**TASK DETAILS**
A partial copy is required: transcribe exactly the lines from the one containing "清音的核心价值在于同时提供暴" through the last line below, without any pictures.

Top of EXERCISE MATERIALS

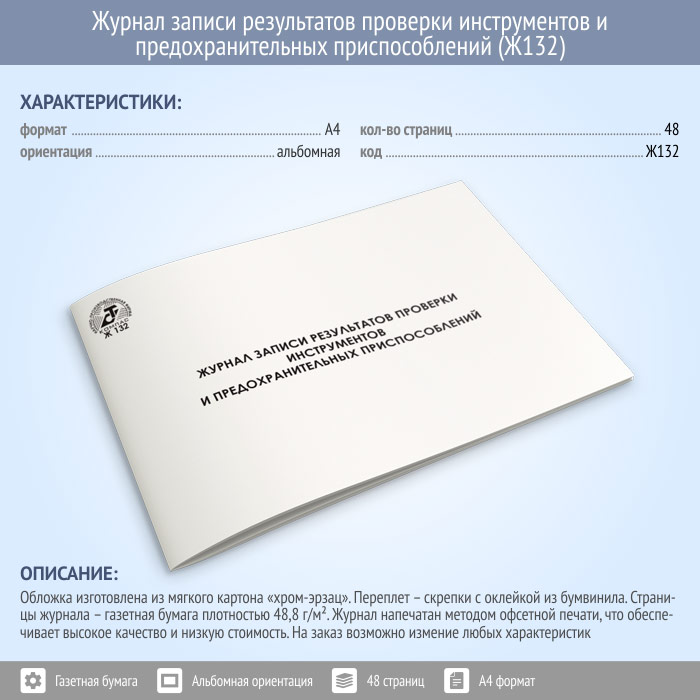 Журнал записи результатов проверки инструментов и предохранительных приспособлений (48 стр., Ж132) в Верее купить
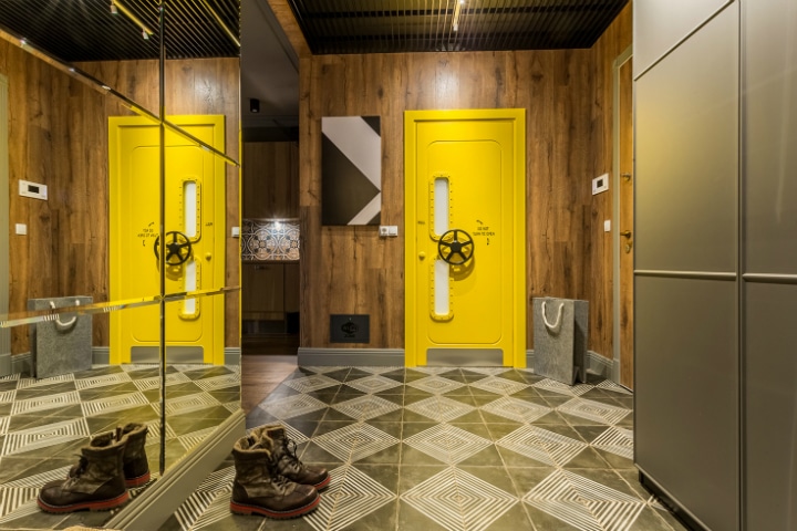 Le design intérieur de cet appartement n’est pas le plus simple à reproduire chez vous car la couleur jaune d’œuf n’est pas la couleur la plus facile à travailler. Cependant, utilisée à bon escient, le résultat est spectaculaire. En utilisant différents nuances dans les pièces de l’appartement, le rendu est encore plus spectaculaire. Ici, j’aime tout particulièrement la salle de séjour, la salle à manger et la cuisine.
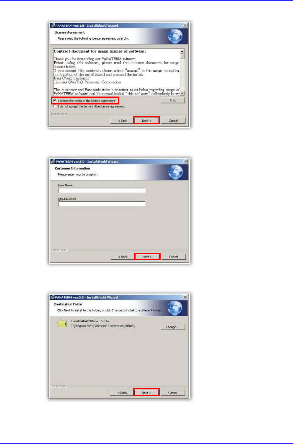 电动机 驱动 器 15 7. 如下所示地选择“ ac cept ”后选择 “ Next ”键。 8. 不要在 Custom er Information 窗口填写内 容,选择“ Next ”键。 9. 在下列照片选择“ Next ”键。
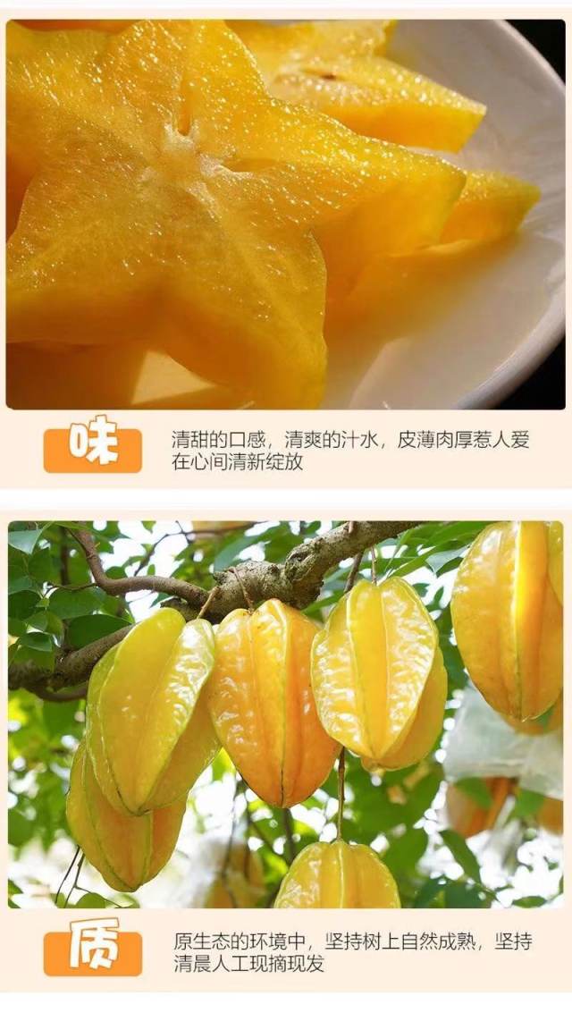 顺丰包邮小甜星杨桃,树上熟杨桃汁水四溢果香浓郁基地直邮
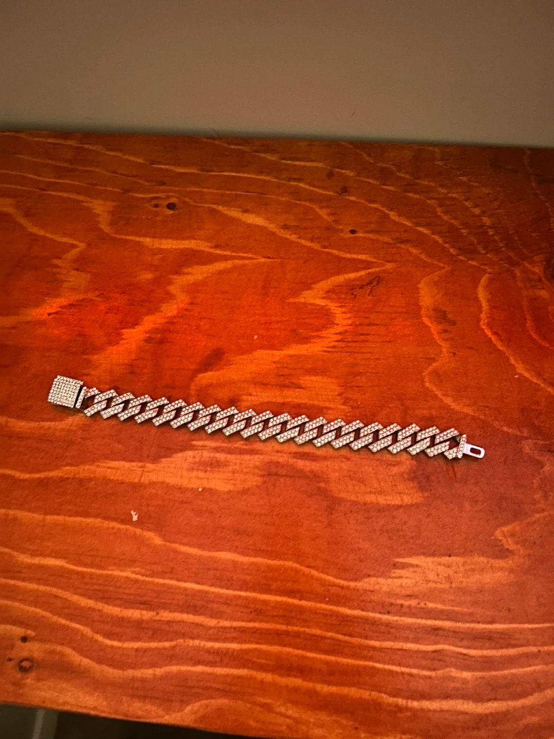 A stylish prong link bracelet with sparkling cubic zirconia stones. This piece catches the light beautifully and adds a touch of glamour. It's secured with a sturdy clasp.
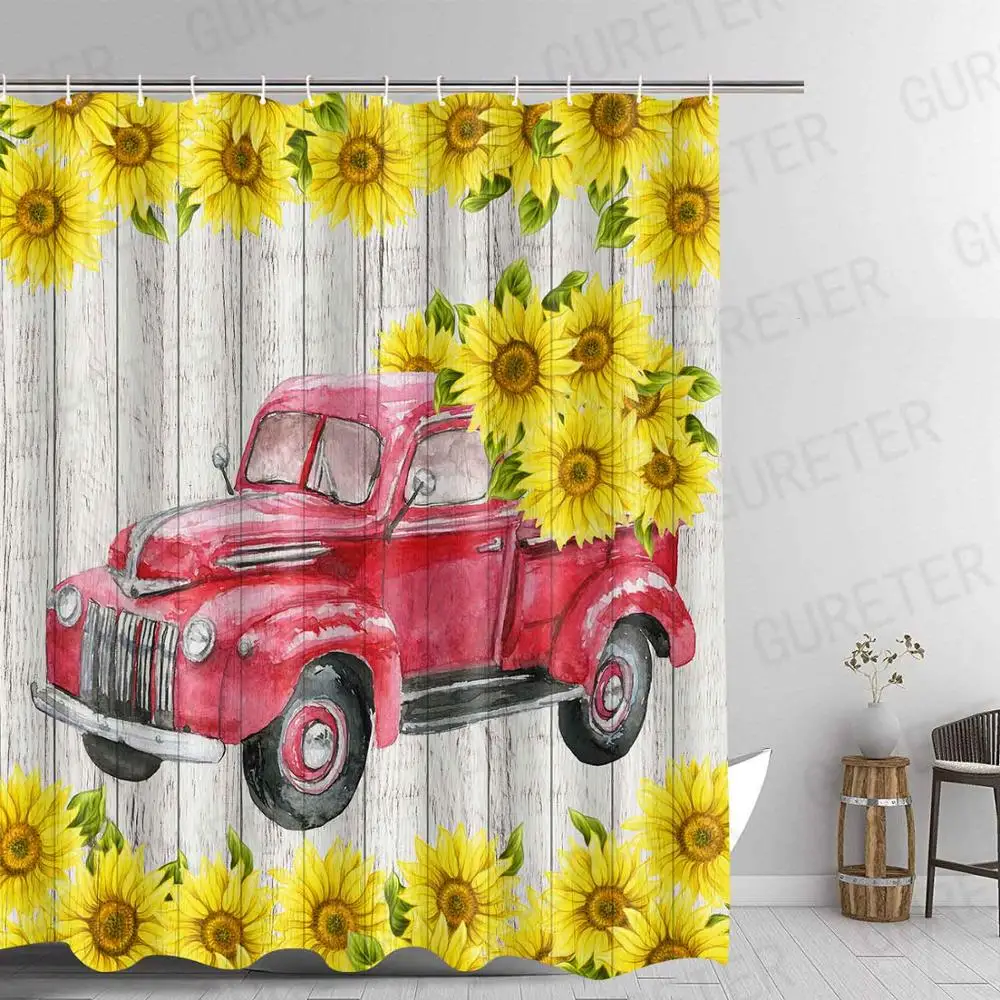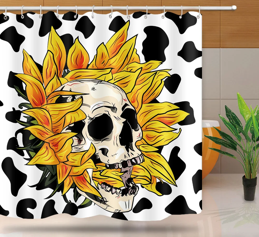 Водонепроницаемая Автомобильная занавеска для душа, занавеска для ванной комнаты с принтом подсолнухов, бабочек, коров, цвет черныйбелый
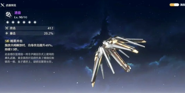 清音的核心价值在于同时提供暴击率和攻击力这两种珍贵的输出属性。一把90级的清音能为角色提供412点基础攻击力和20.2%的暴击率,武器技能刚柔并出进一步在施放大招后强化自身攻击。这意味着,任何一位使用音感仪、且主要伤害来源于大招或追求短期爆发的角色,都可以从这把武器中获益,它能有效降低角色对圣遗物等装备中暴击率词条的需求,让玩家更容易配装达到合格的暴击面板,从而稳定打出暴击伤害。
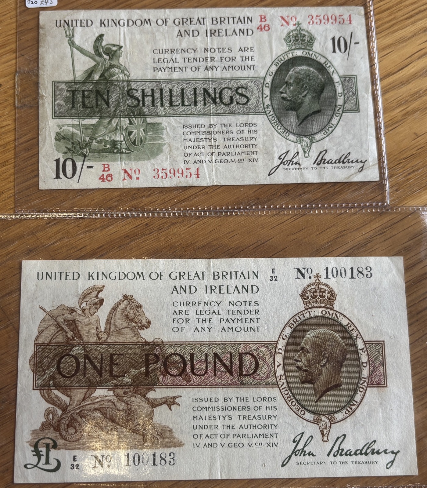 J.S. Bradbury. 3rd issue £1 E32 10013 and 10/- B46 359954. Very fine in plastic sheets. Qty 2. (Duggleby T16 and T20) (N)

Bottom of EXERCISE MATERIALS

**ANSWER TO THIS TASK**
 清音的核心价值在于同时提供暴击率和攻击力这两种珍贵的输出属性。一把90级的清音能为角色提供412点基础攻击力和20.2%的暴击率,武器技能刚柔并出进一步在施放大招后强化自身攻击。这意味着,任何一位使用音感仪、且主要伤害来源于大招或追求短期爆发的角色,都可以从这把武器中获益,它能有效降低角色对圣遗物等装备中暴击率词条的需求,让玩家更容易配装达到合格的暴击面板,从而稳定打出暴击伤害。
 J.S. Bradbury. 3rd issue £1 E32 10013 and 10/- B46 359954. Very fine in plastic sheets. Qty 2. (Duggleby T16 and T20) (N)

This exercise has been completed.